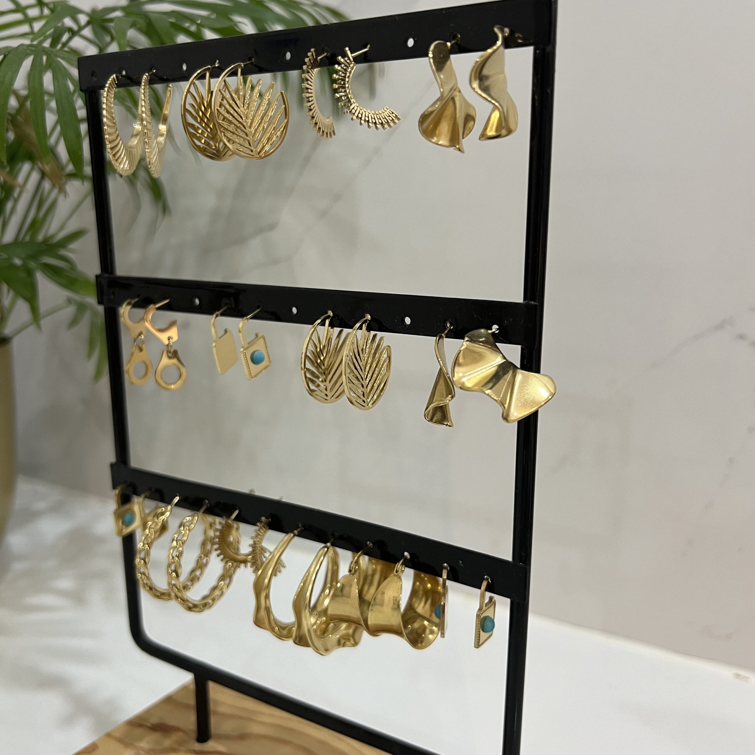 Cette plaque expose une collection raffinée de boucles d’oreilles en acier inoxydable. Chaque paire, minutieusement pensée, apporte une touche sophistiquée à votre style.
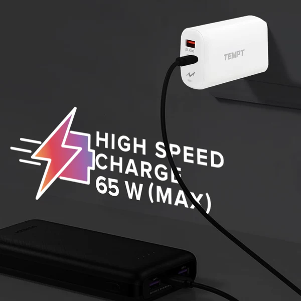 Tempt Alpha 65W Dual Port GaN Fast Charger (USB-C PD + QC 3.0) | Smart, Safe & Compact
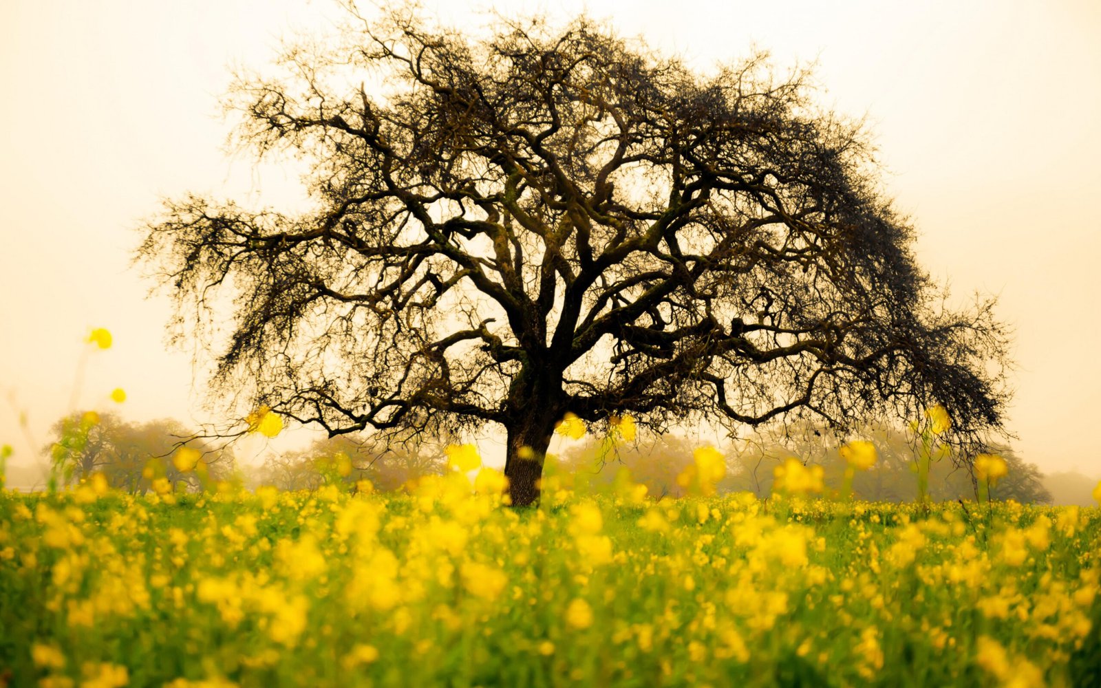 Many Flowers Around Single Tree - 2560x1600
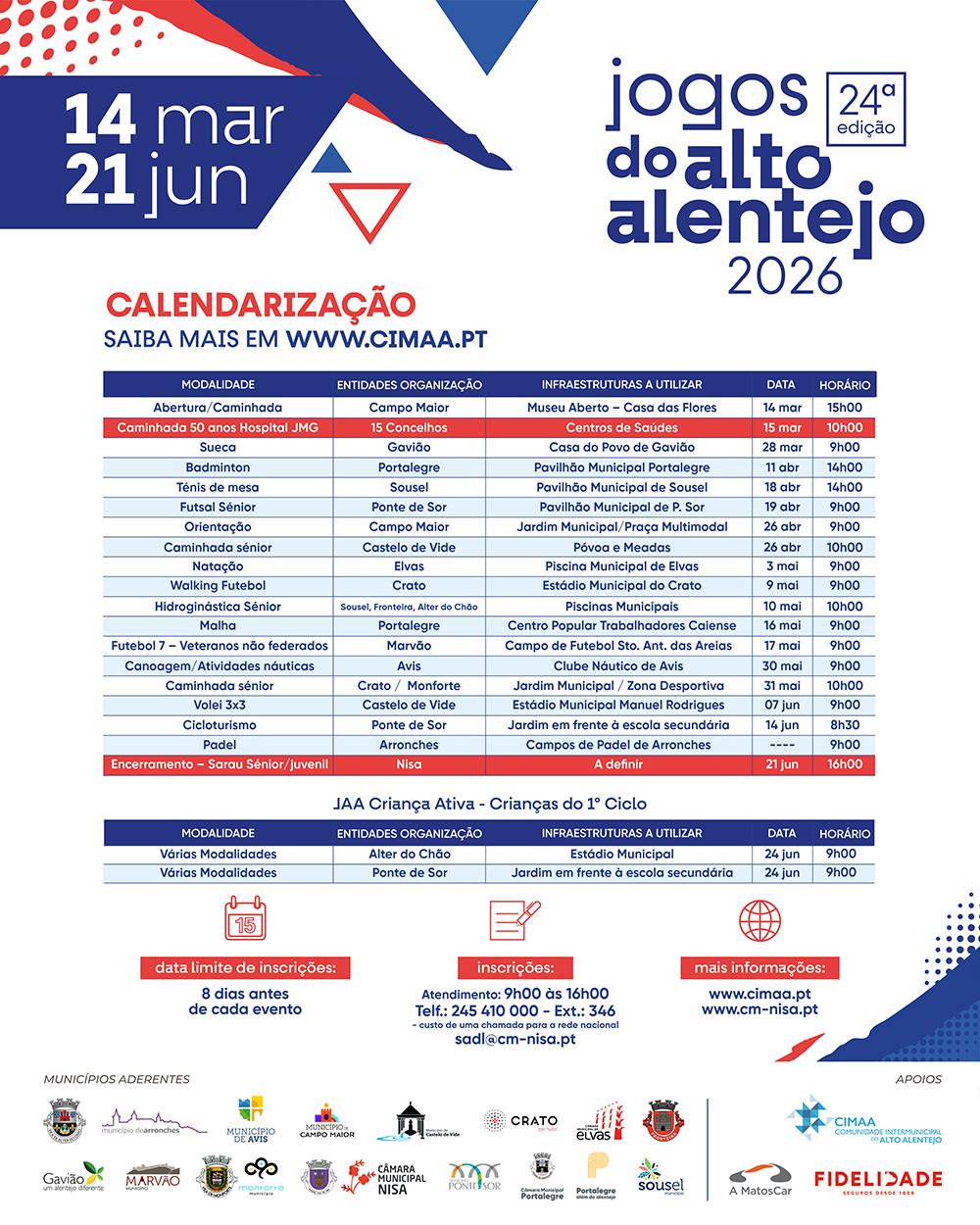 Mais informações em: www.cm-nisa.pt ou www.cimaa.pt
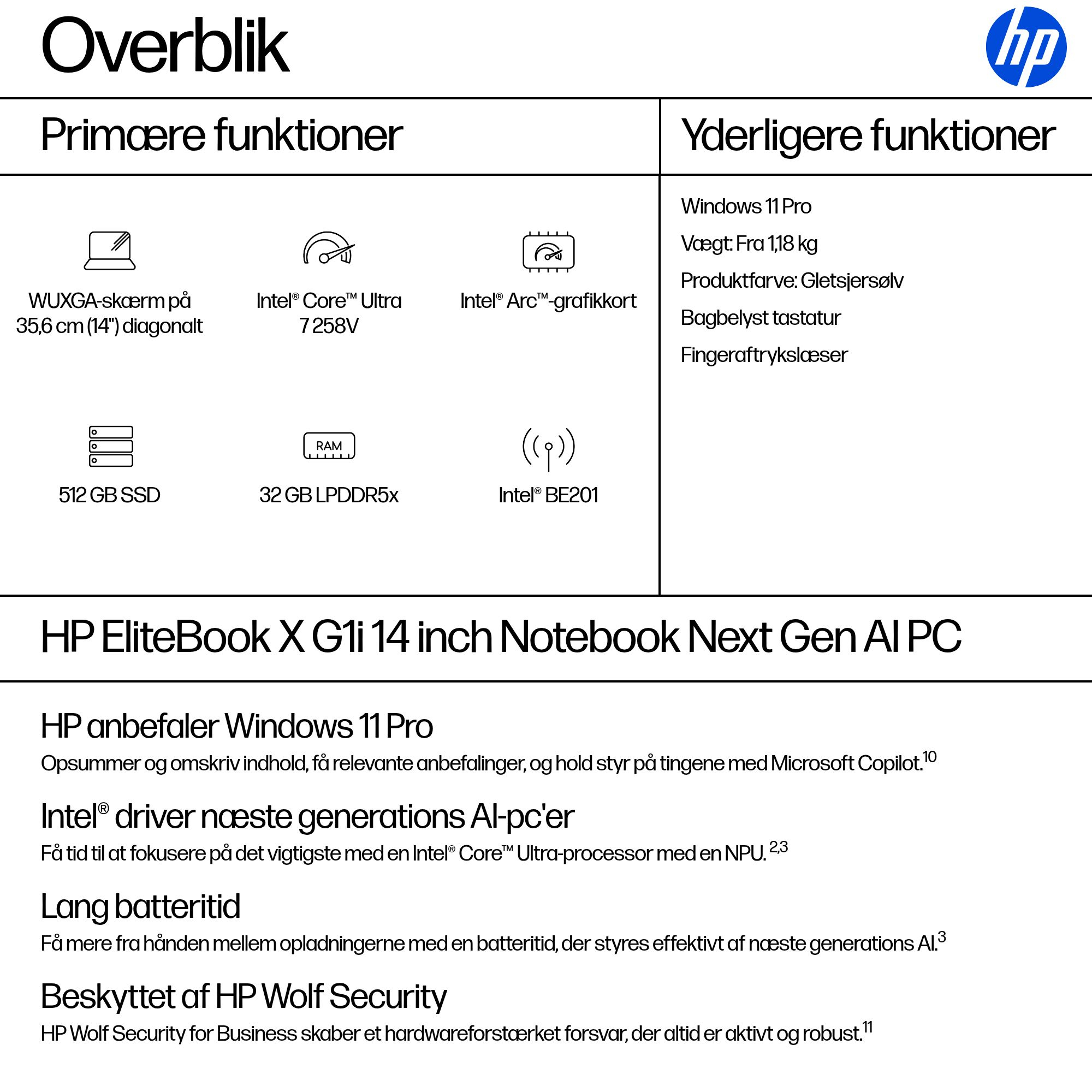 HP EliteBook X EBXG1i14AI U7 258V 14 32GB/512 PC NX Copilot+ PC Intel Core Ultra 7 Laptop 35,6 cm (14") WUXGA LPDDR5x-SDRAM 512 GB SSD Wi-Fi 7 (802.11be) Windows 11 Pro Sølv

# Assignment
If a record above contains a picture, leave the picture out and transcribe everything else exactly.

# Finished exercise
 Cette plaque expose une collection raffinée de boucles d’oreilles en acier inoxydable. Chaque paire, minutieusement pensée, apporte une touche sophistiquée à votre style.
 Tempt Alpha 65W Dual Port GaN Fast Charger (USB-C PD + QC 3.0) | Smart, Safe & Compact
 Many Flowers Around Single Tree - 2560x1600
 Mais informações em: www.cm-nisa.pt ou www.cimaa.pt
 HP EliteBook X EBXG1i14AI U7 258V 14 32GB/512 PC NX Copilot+ PC Intel Core Ultra 7 Laptop 35,6 cm (14") WUXGA LPDDR5x-SDRAM 512 GB SSD Wi-Fi 7 (802.11be) Windows 11 Pro Sølv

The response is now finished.